Though less theatrical, the Third Symphony works with quoted material and stylistic reference in exactly the same way, but the Second (1979) and the Fourth (1983), though referential to other styles, make different use of them. The former, entitled ‘St Florian’ and an homage to Bruckner, comprises six movements which follow the Ordinary of the Roman Catholic Mass; a chorus and soloists provide the liturgical material upon which the orchestra meditates. In the Fourth, Schnittke said that he strove ‘to find the general in the dissimilar’, and attempts to reconcile elements of znamennïy and Gregorian chant, the Lutheran chorale and Synagogue cantillation which are intoned by four vocal soloists within a dense, polyphonic orchestral texture. In this work Schnittke succeeds in absorbing his quoted material into the foundations of his own language in an unprecedented way. The culmination of this is found in the Fifth Symphony (1988), which because it is simultaneously the Fourth Concerto grosso, Schnittke could be said to be quoting a quotation. With the sixth, seventh and eighth symphonies (1992, 1993 and 1993–4 respectively) Schnittke entered into a new, sparer sound world, texturally reminiscent of later Shostakovich and late Nono. The Sixth, containing almost no writing for the full orchestra, makes conscious reference both to Bruckner in its trombone chorales and to Schnittke’s opera Historia von D. Johann Fausten (1983–94), and the Seventh, while also summoning Bruckner and Mahler, has its point of origin in a solo violin passage recalling Bach and, at times, the Berg of the Violin Concerto. With the Eighth and Ninth Schnittke brought this late, spare style to a new maturity and refinement.

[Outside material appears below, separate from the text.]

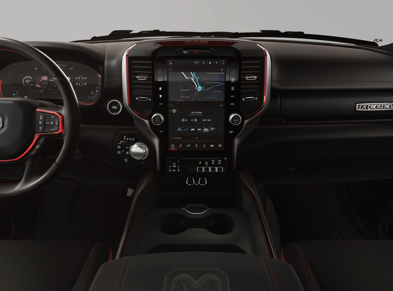 Quick Order Package 21W Rebel. Rebel Level 1 Equipment Group: Remote Tailgate Release; Exterior Mirrors with Heating Element; Auto Dim Exterior Driver Mirror; Rear Window Defroster; Wireless Charging Pad; Power Adjustable Pedals; Exterior Mirrors with Supplemental Signals; Black Exterior Mirrors; Convex Wide-Angle Exterior Mirror Insert; Exterior Mirrors Courtesy Lamps; Black Premium Power Mirrors; Auto Power-Folding Mirrors. MOPAR Black Tubular Side Steps. Trailer Brake Control. Diamond Black Crystal PC. **Equipment listed is based on original vehicle build and subject to change. Please confirm the accuracy of the included equipment by calling the dealer prior to purchase.**

The shadow of Berg may also be detected in Schnittke’s own series of violin concertos. The Third (1978) presents an amalgam of violin styles (though often implicity rather than explicitly), and the Fourth (1982) is not only more eclectic but theatrical: towards the end, the orchestra becomes so loud that the soloist cannot be heard, and is left miming the gestures of the virtuoso on stage. With the Konzert zu Dritt of 1994, Schnittke attained the concentrated, lyrical expressionism which would characterize his work thenceforth – confirmed particularly by the Viola Concerto (1985), the ballet Peer Gynt (1986), the Fifth Symphony (1988) and the two cello concertos (1986 and 1990) – until the simplification which occurred with such works as the Sixth Symphony and the opera Zhizn’s idiotom (‘Life with an Idiot’) of the early 1990s.

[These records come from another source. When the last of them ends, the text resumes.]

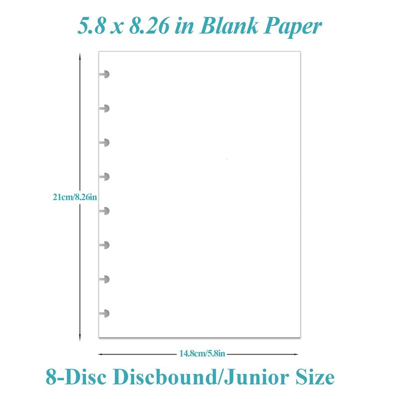 Junior Size Blank Refill Paper, A5 8-Disc Discbound Blank Filler Paper, 100Sheets / 200Pages Blank Paper, 100gsm White Paper, 5.8 x 8.3 in
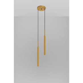 Tudo para iluminar seu ambiente com muito charme Perfeito para todos os ambientes Modelo: pendente Cor es : dourado Material: alumínio Canopla de teto: alumínio 15cm Cabo de alimentação regulável: 1,5m Luminária: 2 soquete g9 Número de lâmpadas: 2 lâmpadas não inclusas Voltagem: 127v/220v Medida: 43 x 2,5 cm Peso líquido: 0,5 kg Conteúdo da embalagem: 1 luminária de teto
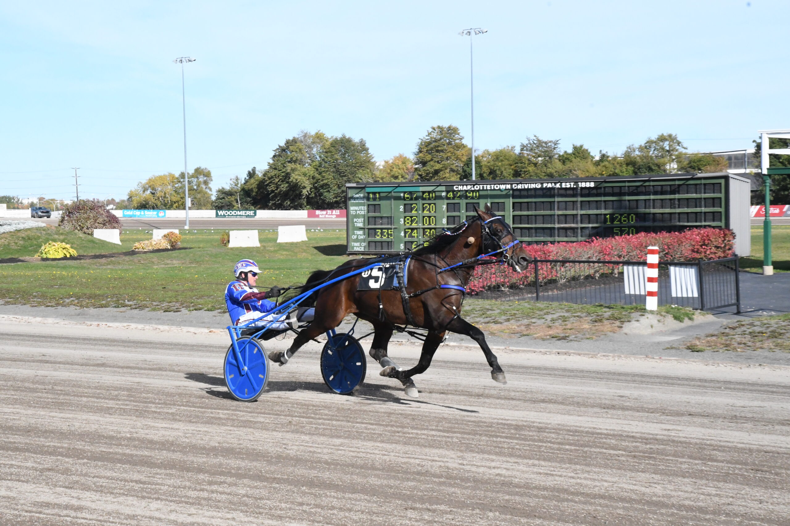 Roll Em set the Summerside Raceway pacing record of 1:51.1 in a Governor’s Plate elimination on July 9th, 2023, for owners Brady Doyle, Brent Campbell, Ryan MacLeod and Savage Stable, PE. The horse was trained and driven to victory by Marc Campbell.

In his choral music, an obvious vehicle for the expression of religious belief (he was baptized a Roman Catholic in 1982), Schnittke showed himself increasingly a true inheritor of the Russian tradition: whereas in the 1975 Requiem the stylistic links are with Catholic liturgical music, in the Concerto for Mixed Chorus (1984–5) and the Stikhi pokayannïye (1987), stylistic echoes of and technical procedures derived from the ‘choral orchestration’ of Rachmaninoff abound. It was in his operas that Schnittke dealt with wider philosophical issues, employing a generally angular vocal style but also integrating stylistic reference and allusion in a manner that confirms the theatrical aspirations of his concert works. Life with an Idiot (1991) is a black comedy which while being superficially concerned with the collapse of communism in fact deals with the human condition on a broader scale, something Schnittke underlines by resorting to direct quotation from a great deal of music, including Russian folk songs, within textures of a singular spareness. The Historia von D. Johann Fausten (1983–94), which includes the earlier cantata Seid nüchtern und wachet (1983), may be seen as an operatic passion (a ‘negative passion’ in Schnittke’s words, dealing with the fundamental problem of good and evil), a connection which the composer reinforces with his use of chorales and a pseudo-evangelist, achieving a continuity and a greater stylistic homogeneity absent in Life with an Idiot. Gesualdo (1994) continues these preoccupations and is specifically concerned with the perceived divide between artistic genius and the ability of its possessor to perpetrate the sin of murder; the lean instrumentation of the score results in a textual transparency which goes beyond even Schnittke’s other works from his last years.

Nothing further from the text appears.